Monday, January 23, 2017

Betsy DeVos- Should money be able to buy you a seat at the table?

Betsy DeVos Confirmation Hearing Highlights 
 Bernie Sanders, Elizabeth Warren, Tim Kaine, and Al Franken

President-elect Donald J. Trump's nominee for Education Secretary Betsy DeVos needs to be educated on all aspects of education. She has spent almost 30 years, as an activist, philanthropist, and Republican fund-raiser. Her major push has been to give families vouchers to attend private, and parochial schools pushed to expand privately run charter schools that are publicly funded and has continuously attempted to strip teacher unions of their influence. Ms. DeVos’s efforts to expand educational opportunity across the country have not focused on existing public schools, and but instead almost entirely on establishing newer, more entrepreneurial models to compete with traditional schools for students and money.
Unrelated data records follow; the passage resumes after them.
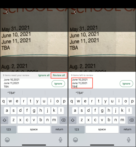要编辑数据,请点击文本框内部并进行更改。然后,点击“完成”。要接受数据而不进行更改,请点击“忽略”。
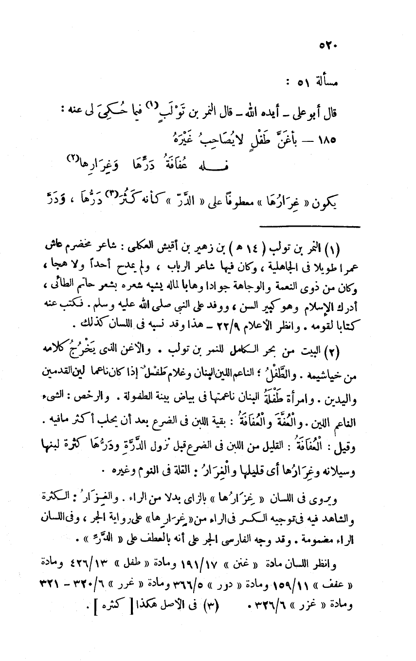 قال أبو علي -أيده الله- قال النمر بن تولبٍ فيما حكى لي عنه:
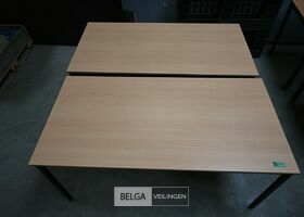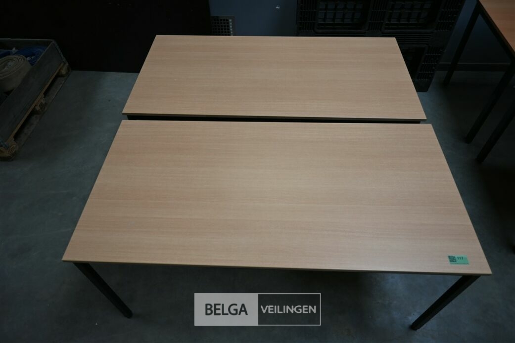 Tafels: Bruin berken laminaat blad en zwarte metalen poten, afm 160x80x75 cm
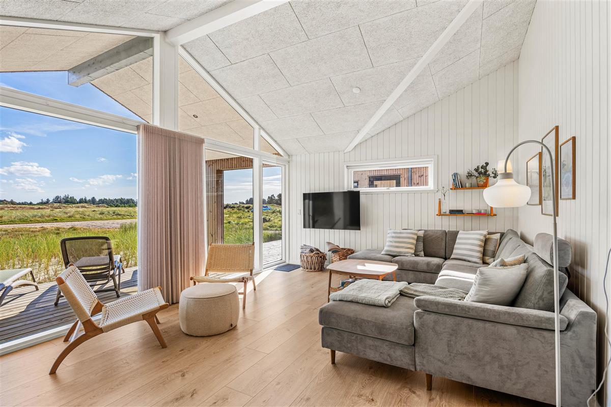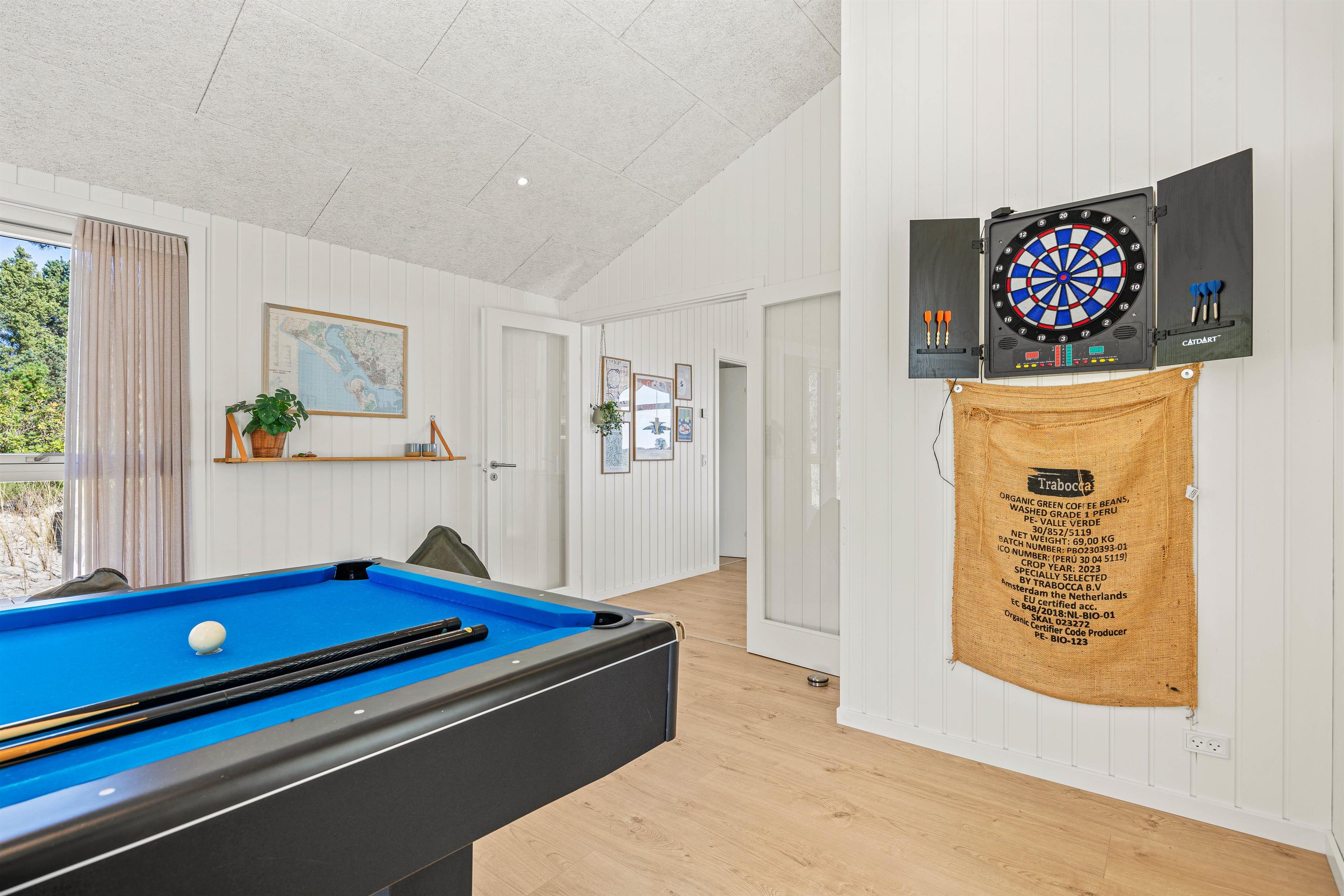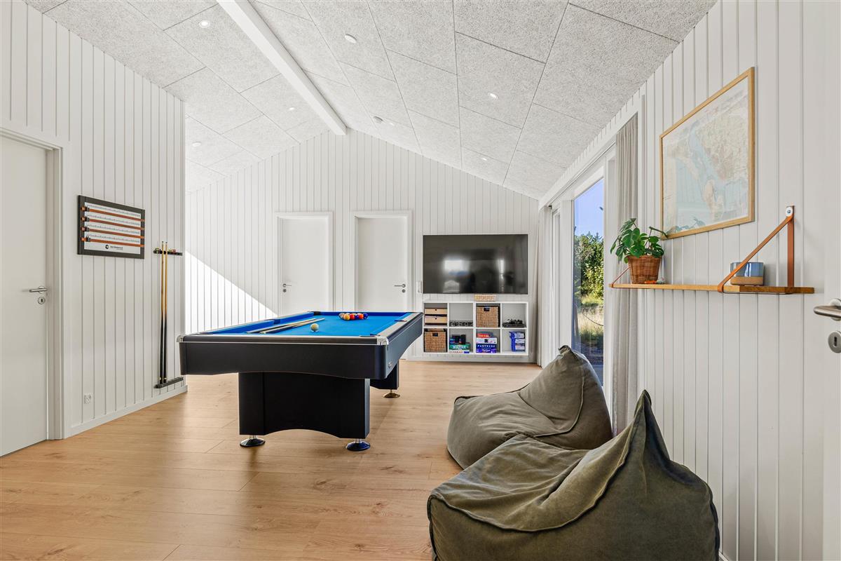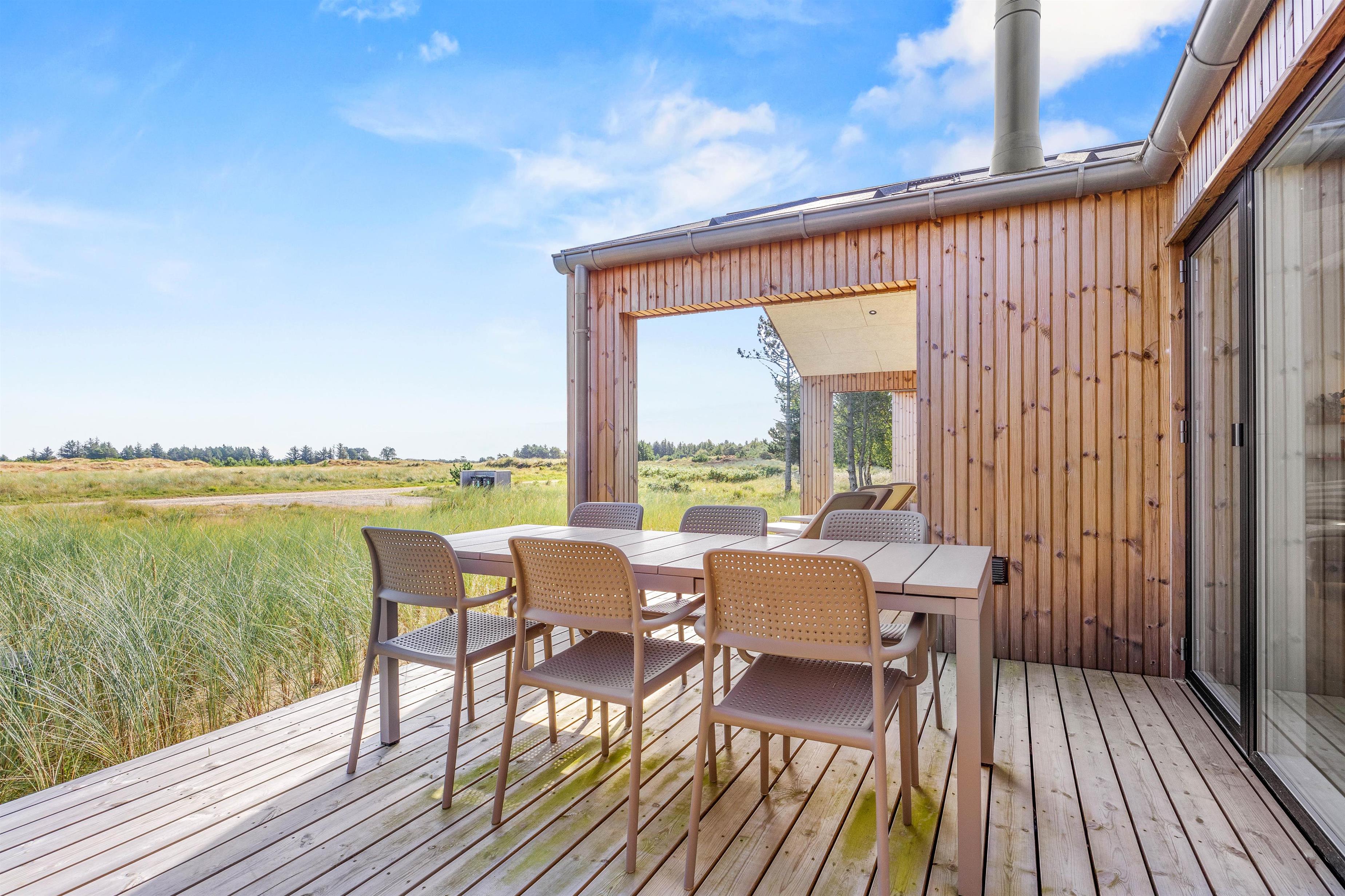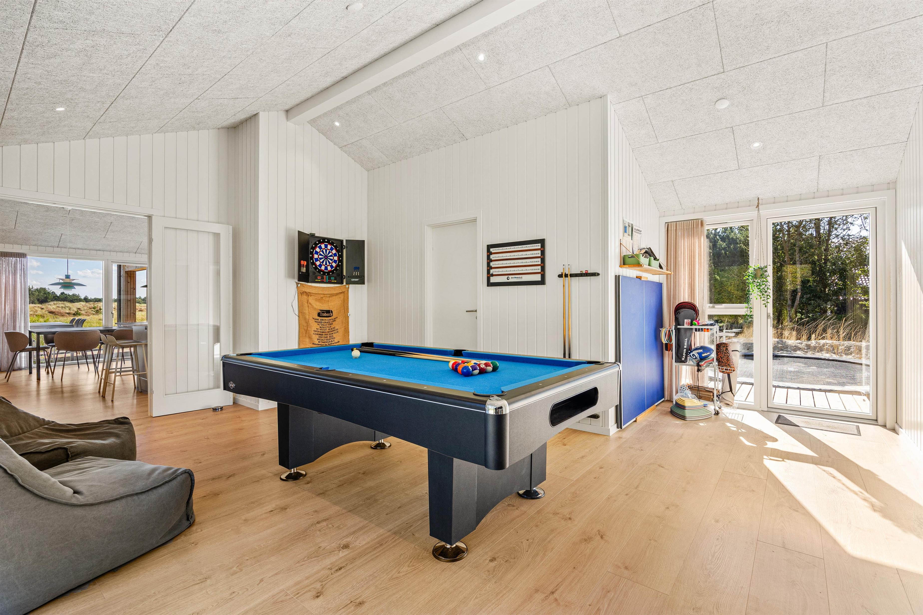 At Gl. Mælkevej 70, you can look forward to a wonderful retreat surrounded by Scandinavian design and hygge atmosphere in the beautiful Danish West Coast nature. This newly built 2024 holiday home offers everything you could wish for. Alongside its high-end furnishings, you'll find a games room with pool table, table tennis, PlayStation 5 plus an outdoor hot tub and sauna. All of this is crowned by its peaceful location overlooking the "Kallesmærsk Hede" nature reserve.

Her endowments and activism mostly directed toward groups seeking to move students and money away from what Mr. Trump calls “failing government schools.”
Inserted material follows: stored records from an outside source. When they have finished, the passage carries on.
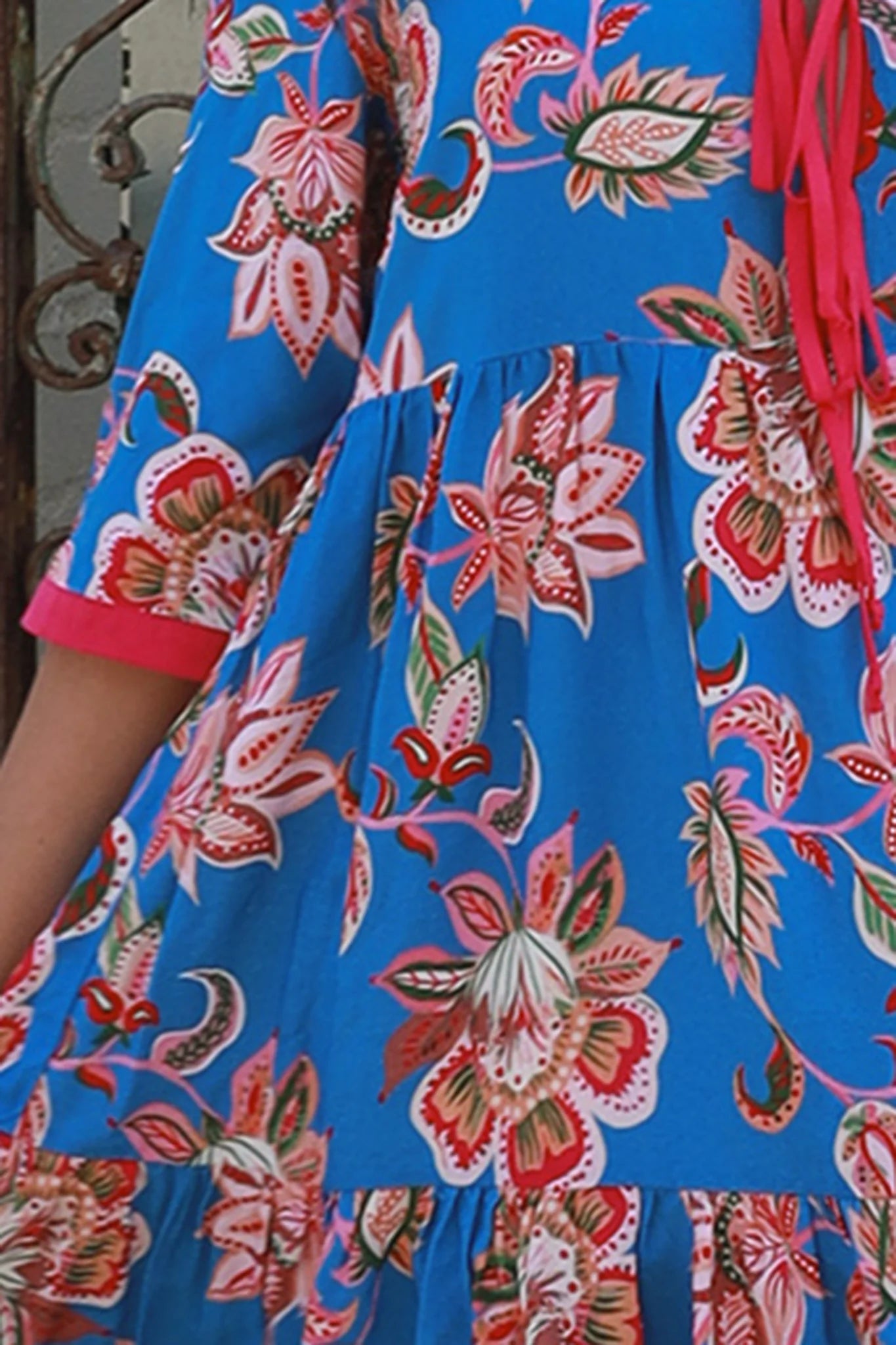 Dreamcatcher Savannah Tie Front Babydoll Mini Dress Blue Pink Floral
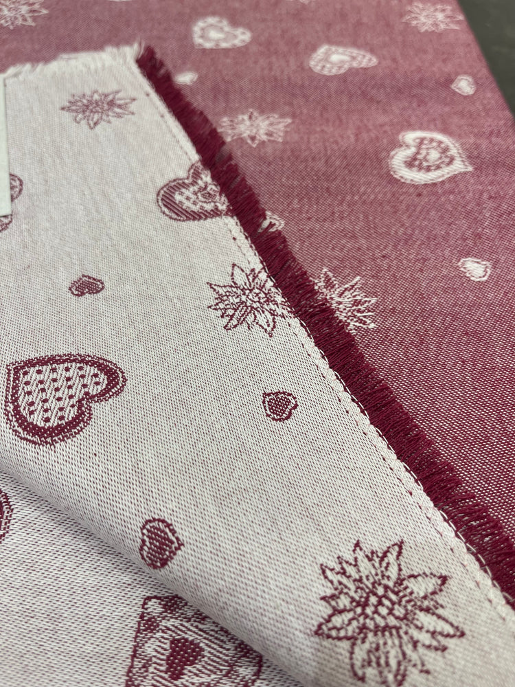 Tovaglie con decoro cuori e stelle alpine super resistenti e durature nel tempo, in cotone antimacchia DOUBLE FACE realizzate in Alto Adige. Rifinite con punto saldo a zig-zag rendendo il bordo sfrangiato.
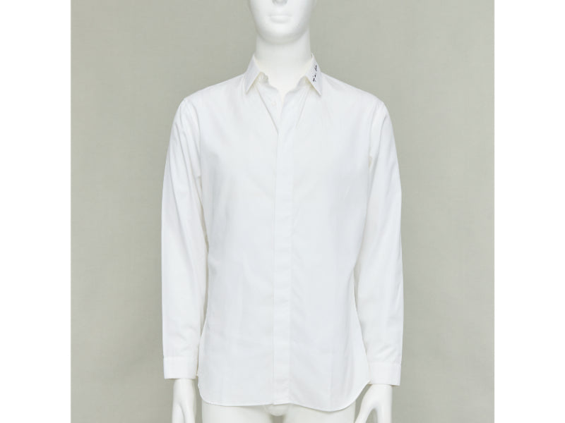 DIOR HOMME white cotton black scribble embroidered collar dress shirt EU39 M
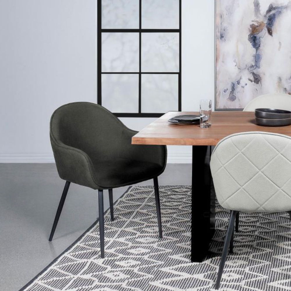 Introduce modern sophistication to your dining area with these timeless dining side chairs. Featuring a gracefully curved silhouette and full wrap-around seat design, they offer both visual appeal and supportive comfort. Diamond-patterned stitching lends a touch of contemporary elegance, while rich upholstery adds a layer of luxurious texture. Whether you're hosting dinner parties or enjoying daily meals, these chairs provide a seamless blend of style and functionality that complements any modern or transitional dining space.

I truly have a problem when money can buy you a seat at the table to make major decisions as it relates to a profession I love. Especially when your only experience with education has been through a very narrow lens of privilege and exclusion. As an educator, I have seen this story play out time and time again. People with little to no experience in schools of all types and levels making decisions and enforcing laws and policies that are counterproductive, unfair and harmful to schools and their surrounding communities. We have got to put a stop to allowing people that lack a passion for ALL children and who are underqualified to gain positions of power in education.

1 comment:

  1. Its amazing that a position so vital to the well-being of our schools requires no teaching experience, and no experience in educational leadership. It really makes me wonder why no qualifications are needed to take on this difficult task. Her entire plan seems to be vouchers, or private schools. Even if you agree with the idea of vouchers (which is not an uncommon position to take), is there really no one who is both familiar with the use of vouchers, and has experience working in and with public schools that can fill this position? I've just been scratching my head for the past couple of days.